Early Printing for Te Wiki o te Reo Maori

Today (Wednesday) marks the mid point of Maori Language Week (Te Wiki o te Reo Maori). The theme this year is arohatia te reo (to cherish the language). As such, this week's post highlights six of the taonga (treasure, anything prized) among the early books printed partly or fully in the Maori language found in the Heritage Collections, Dunedin City Library.

Besides offical government publications, the majority of early printed material in New Zealand was produced by missionary societies, and therefore consisted of language aids and religious texts. I have selected three of each, which are described below. But first, typophiles (and bibliophiles generally) might be interested in the unique way that William Colenso (1811–1899), the missionary printer who printed the first substantial book in New Zealand, arranged his type cases:*


Reproduced from D. F. McKenzie's Oral Culture, Literacy & Print
in Early New Zealand
(Wellington, 1985)


'For as the Maori language', wrote Colenso, 'contained only 13 letters (half the number in the English alphabet), I contrived my cases so, as to have both Roman and Italic characters in the one pair of cases.... Such an arrangement proved to be a very good one while my compositing was confined to the Maori language only; but when I had any English copy to compose it was altogether the reverse!... Fortunately, this occurred but rarely' (quoted in McKenzie, p. 25).


Grammars & Dictionary

Samuel Lee and Thomas Kendall. A Grammar and Vocabulary of the Language of New Zealand. London: Church Missionary Society, 1820.

As a missionary to New Zealand, Thomas Kendall (1778–1832) was in an ideal position to gather information on the Maori language. With the Rev. Samuel Lee (1783–1852), professor of Arabic and later of Hebrew at Cambridge, he compiled the first book that attempted to lay down the fixed principles of the language in 1815. Five years later this was expanded to include a 100-page vocabulary.

The 1820 edition of the grammar was issued in two versions, one printed on fine paper and the other on coarse paper. The fine paper version was mainly for circulation in England to spark interest in the work of the Church Missionary Society. The coarse paper version was printed for the Society’s schools in New Zealand and 500 copies were published.




Robert Maunsell. Grammar of the New Zealand Language. Auckland: Printed and Published by J. Moore, 1842.
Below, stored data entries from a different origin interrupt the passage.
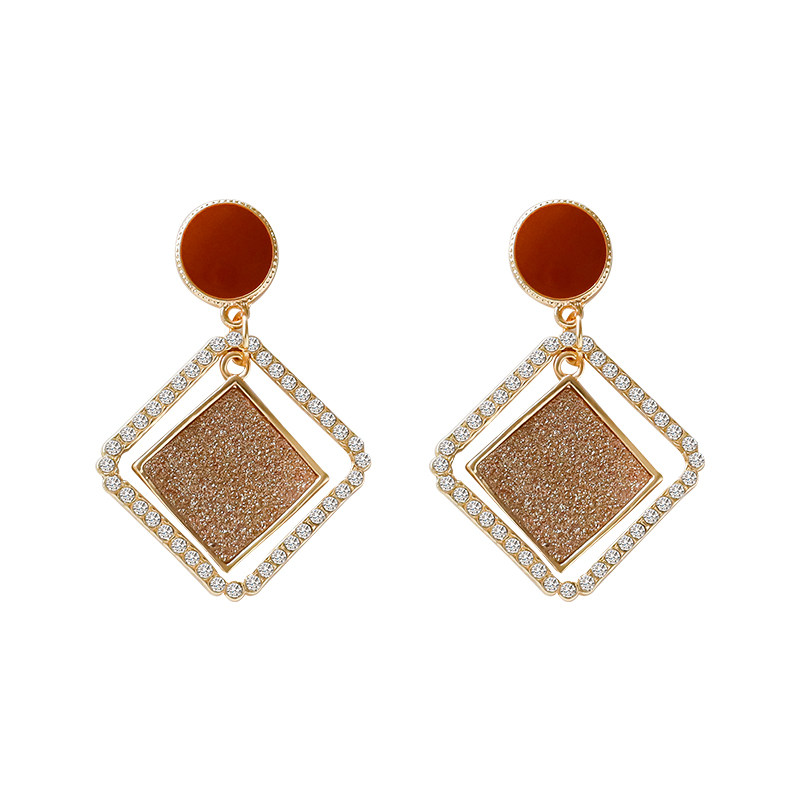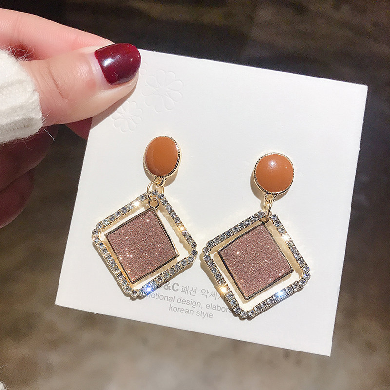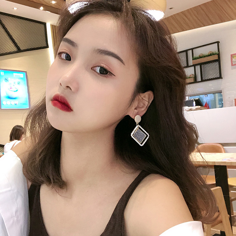 Korean version 925 silver needle temperament long version geometric crystal drop earrings Wild face thin diamond earrings earrings earrings earrings women
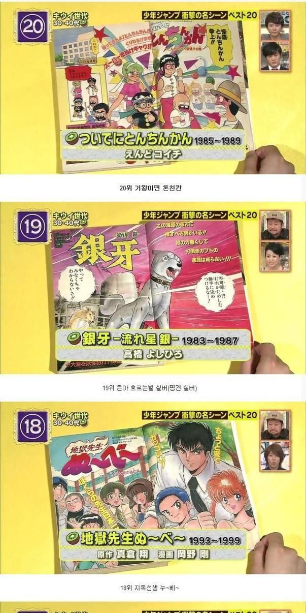 10년전, 일본인 30대, 40대가 뽑은 역대 만화 Top20.
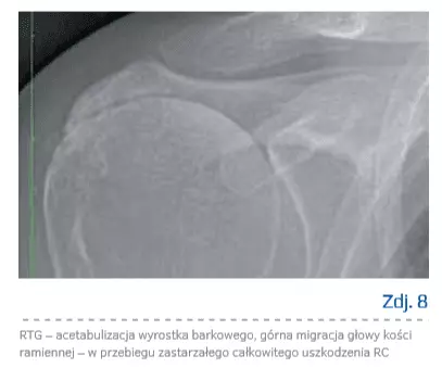 W RTG – bez uchwytnych patologii lub górna migracja głowy kości ramiennej, acetabulizacja wyrostka barkowego (zdj. 8).
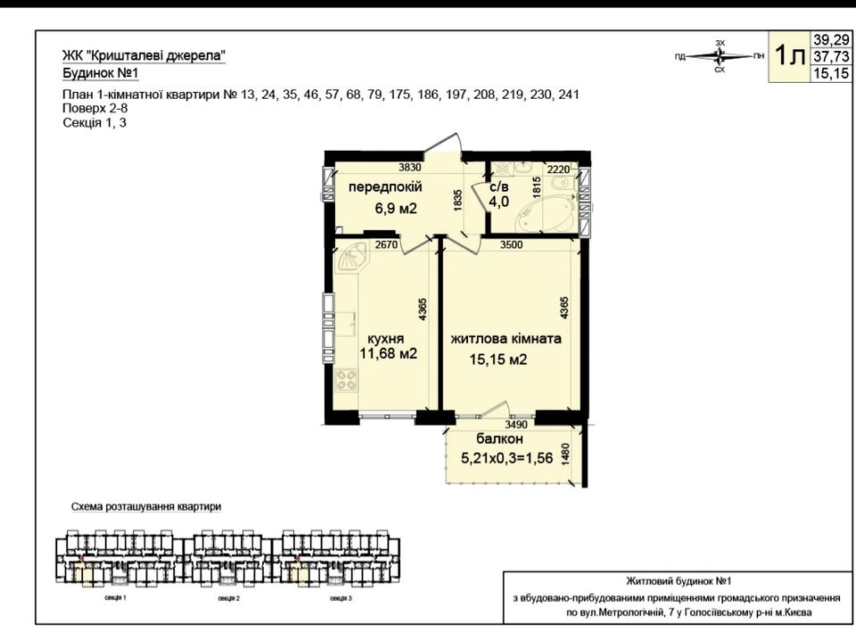 • Загальна площа квартири - 41м2 .
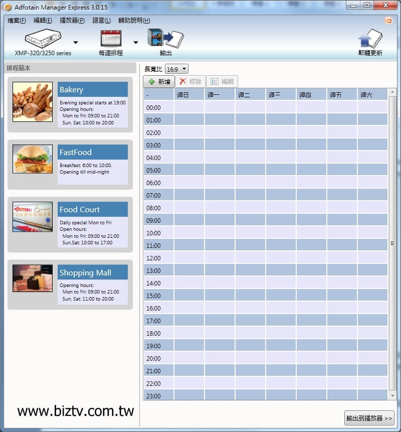 首先,請把循環播放當成一個單元,在這個小單元裡所做的事情,只是在某時間區段裡進行反覆的輪播。而週期排程作法,是將這些單元被進階的定義在不同時間區段範圍。每個單元視同任務,擴展出週日至周六的各個時間區塊中要執行哪些任務單元
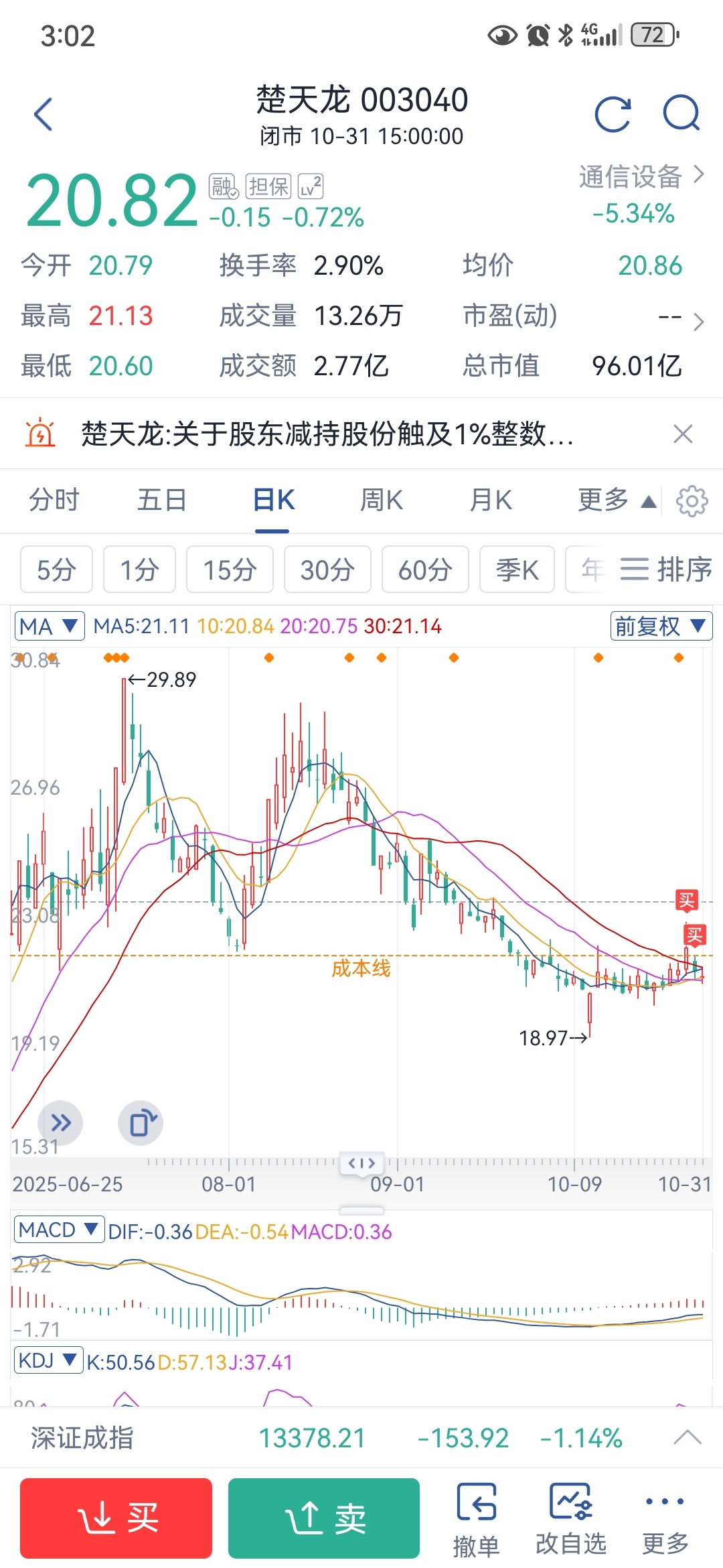 $楚天龙(SZ003040)$ 我也进来了哦,你越跌我越加,我们一起抢筹码。
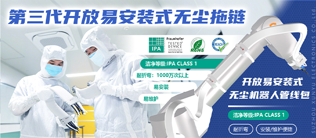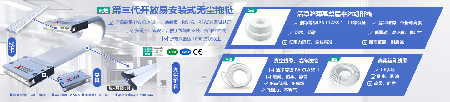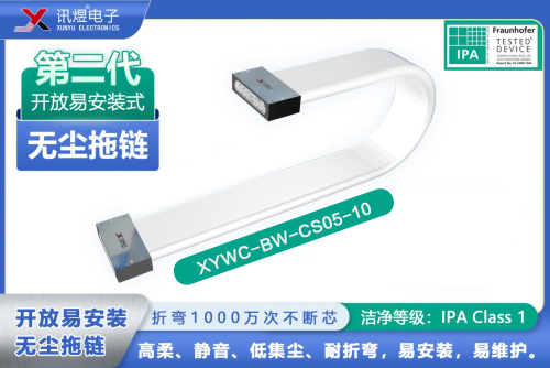 訊煜開放易安裝式無塵拖鏈是一種滿足無塵環境下線纜防護及運動需求的產品,拖鏈自帶屏蔽抗干擾功能(內層采用納米屏蔽材料,吸收拖鏈內部線纜EMI竄擾)。
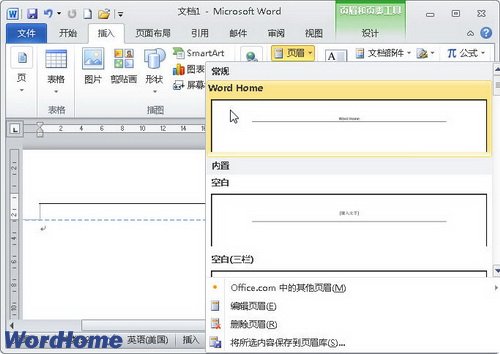 Word2010中的库主要集中在“插入”功能区,用户也可将自定义的设置添加到特定的库中,以便减少重复操作。下面以在页眉库中添加自定义页眉为例,操作步骤如下所述:
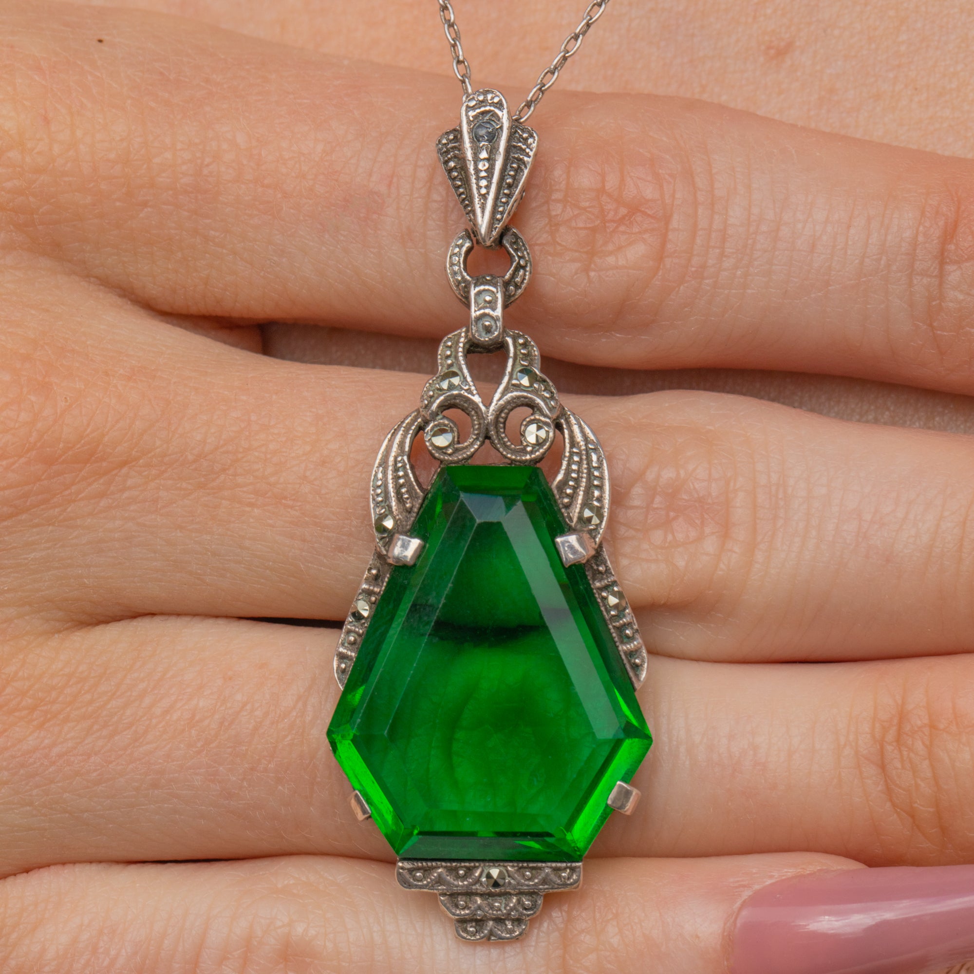 EXCELLENT. This Art Deco Silver green Paste & Marcasite drop pendant is in excellent condition. The Paste gemstone is securely set and free from chips, and each Marcasite is present adding a wonderful sparkling touch. This gorgeous necklace can be popped on straight out of the box!
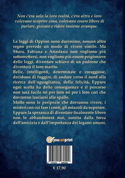 In fuga dalle leggi crudeli del loro regno che le avrebbero condannate ad essere vendute come schiave, Shara, Fabiana e Anastasia, tre coraggiose amiche inseparabili, intraprendono un viaggio rocambolesco verso la libertà. Ma il malvagio Teneb, spietato braccio destro del re, è sulle loro tracce, deciso a riportarle indietro ad ogni costo. Tra mille peripezie e colpi di scena, le ragazze attraverseranno regni sconosciuti, incontreranno nuove amicizie e saranno costrette a dividersi prima di ritrovarsi. Riuscirà la loro incrollabile amicizia a superare questa durissima prova? E i sentimenti puri e proibiti tra loro e i loro inseguitori riusciranno a sbocciare nonostante le avversità? Un'emozionante storia di speranza, giustizia e amore, in cui il desiderio di libertà e felicità sfida con audacia leggi disumane. Lasciati trasportare in questo viaggio indimenticabile in un debutto letterario che lascia presagire una promettente carriera narrativa!
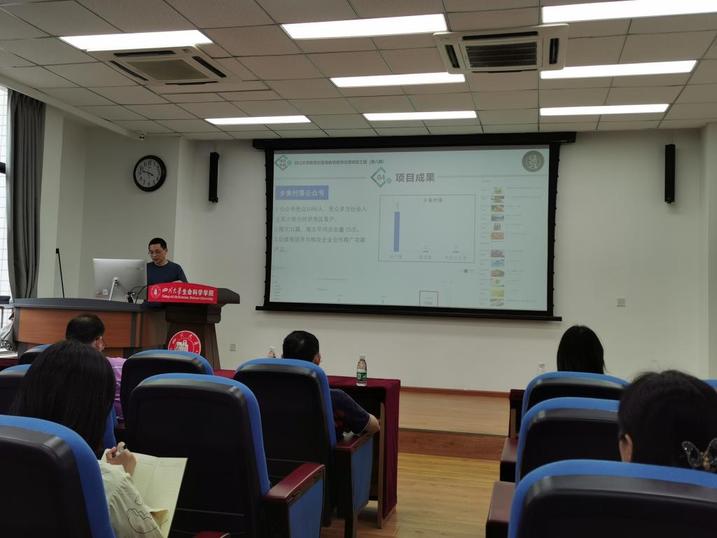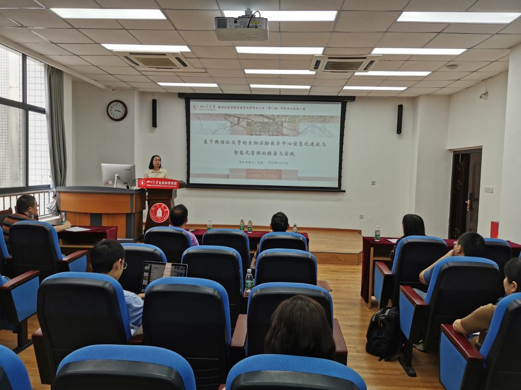 熊莉老师介绍此项目依靠生物科学实验教学中心,建成并开通具有新闻推送、中心通告与展示、在线教学、师生互动等多项功能的“四川老员工物科学实验教学中心”官方微信公众号。中心公众号于2019年秋季开始面向员工试用,截止目前关注人数达310人;信息化建设与智能化管理教学中心,已达到中心信息及时透明、双创活动更为便捷、教学辅助有效延伸和互动交流密切师生关系的作用。
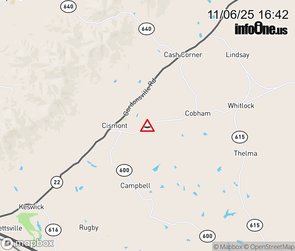 On VA-22 East in the County of Albemarle, in the vicinity of Zion Hill Rd; Rt. 740N/S (Albemarle County), motorists can expect delays due to a vehicle crash. Updated: Thu 11/6/25 4:42 PM EST ![]() Updated: Thu 11/6/25 4:42 PM EST |
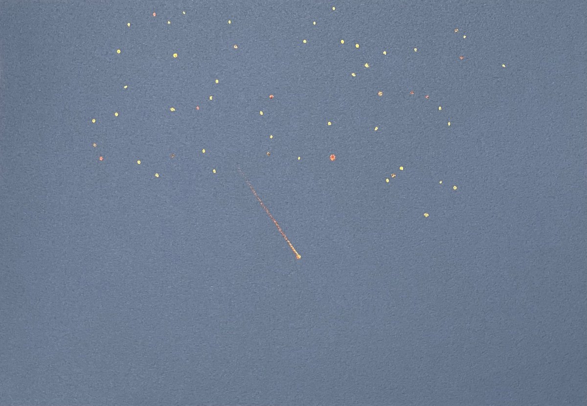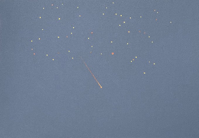 0 30 オリオン座流星群、2日程夜空を眺めましたが見ることが出来なかったので、描いてみました。(和画用紙藍鼠色にアクリル絵具) 絵具は和色の銅とブロンズ、ライトゴールドの三色を使い変化を持たせて。💫 落描きですが同じく見られなかった方、良かったらご覧ください。 #絵 #オリオン座流星群 #落描き 22/10/23 21:18
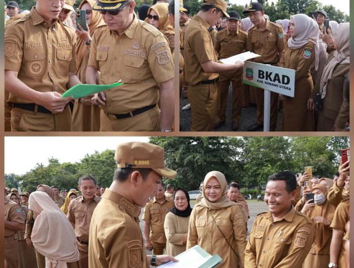 KONUT, EDISIINDONESIA.id- Bupati Konawe Utara, H. Ikbar, SH., M.H., melantik empat pejabat pelaksana tugas (Plt) usai memimpin apel gabungan perdana pada Selasa, (8/4/ 2025)
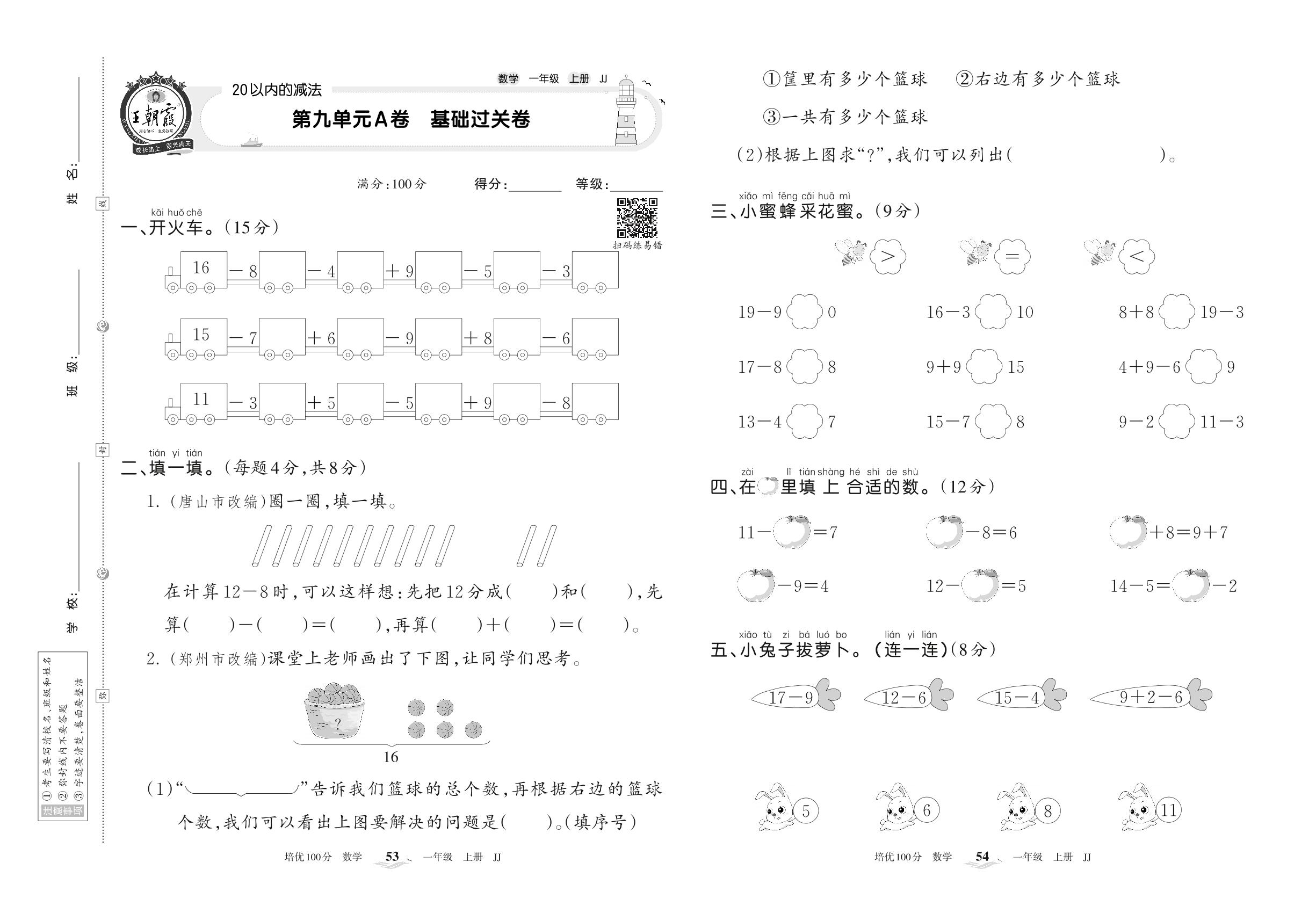 2022上册一年级数学冀教版 第九单元A卷 基础过关卷
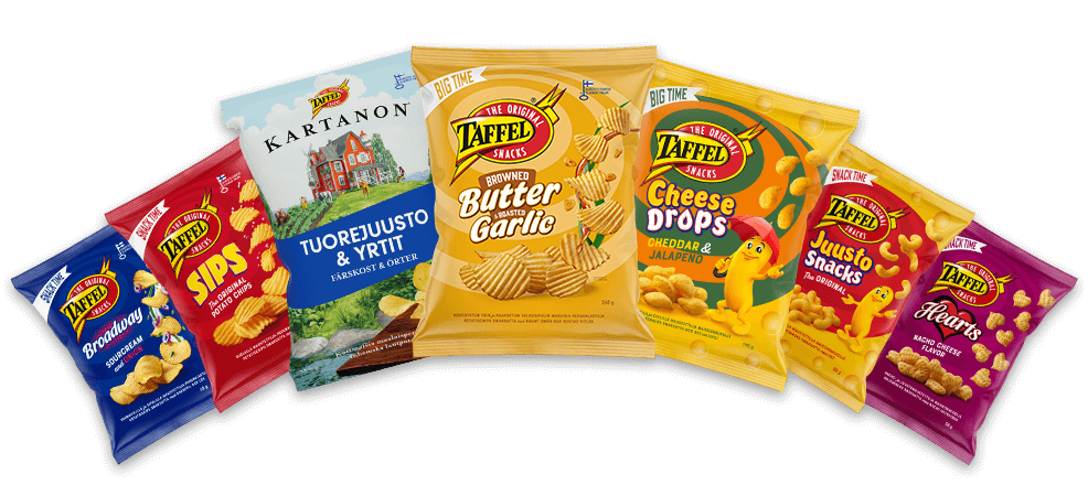 Rapeasta Taffel-valikoimasta löydät sipsit, linssisipsit, dipit, popcornit, juustonaksut, pähkinät ja muut herkulliset snacksit!
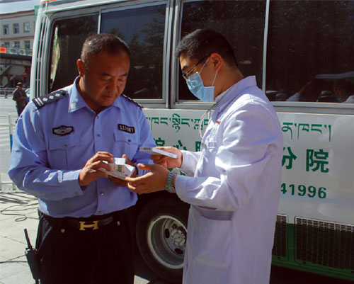 西藏阜康(國際)健康體檢中心根據(jù)民警們的職業(yè)特點,量身定制了體檢套餐。張德才院長介紹說:“為不耽誤民警的工作時間,醫(yī)院決定將體檢車直接開到民警的便民執(zhí)勤點,由專業(yè)醫(yī)護人員為民警進行血壓測量、心電圖測量、B超等方面的檢查。
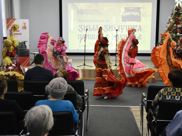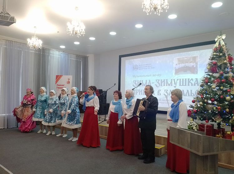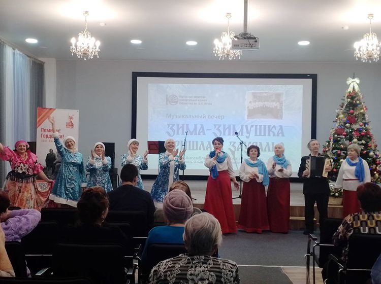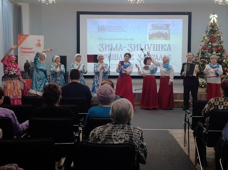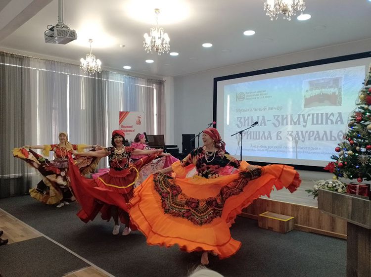 Юговка и «Виктория» дружат давно, читатели библиотеки с нетерпением ждут новых концертных программ ансамбля. На этот раз коллектив представил зрителям предновогодний концерт «Зима-зимушка пришла в Зауралье». В исполнении ансамбля, солистов и женской группы прозвучали композиции о зиме, о любви, красоте зимней природы и, конечно, чувствах. Зрители услышали песни: «Есть такая земля», «Белым снегом», «Снег летит», «Потолок ледяной», «Ой, завьюжило, запорошило», «Ой, калина», «Гармонь моя», «А он ничей» и, конечно, весёлые частушки.
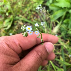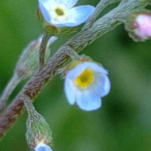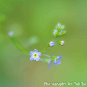【胡瓜草】《ムラサキ科》 とても小さなお花 茎や葉を揉むと胡瓜(キュウリ)に似た匂いがするというのが名の由来である ムラサキ科の特徴で花序の先が曲がる。 これを「サソリ型花序」と呼ぶ。 花径2~3ミリくらいの淡い青紫色をした小さな五弁花を上向きにつける。 花の中心は黄色くなっている。 2021.2.11

This grammar was written by Robert Maunsell (1810–1894) in 1841–1842, encouraged by the support of prominent figures including the Governor’s private secretary (James Coates), Sir William Martin (ca. 1807–1880), the first Chief Justice of New Zealand, and George Augustus Selwyn (1809–1878), first Anglican Bishop of New Zealand. This support resulted in the work being printed in Auckland by the printer contracted to the government, rather than by the Church Mission Press at Paihia. Freed from the influence of the Northern District, which controlled mission printing and translating, Maunsell took tentative steps at reforming Maori orthography and adopting (in preference to the northern Ngapuhi dialect) the conventions of the Waikato dialect, which was widely understood and had retained its purity. 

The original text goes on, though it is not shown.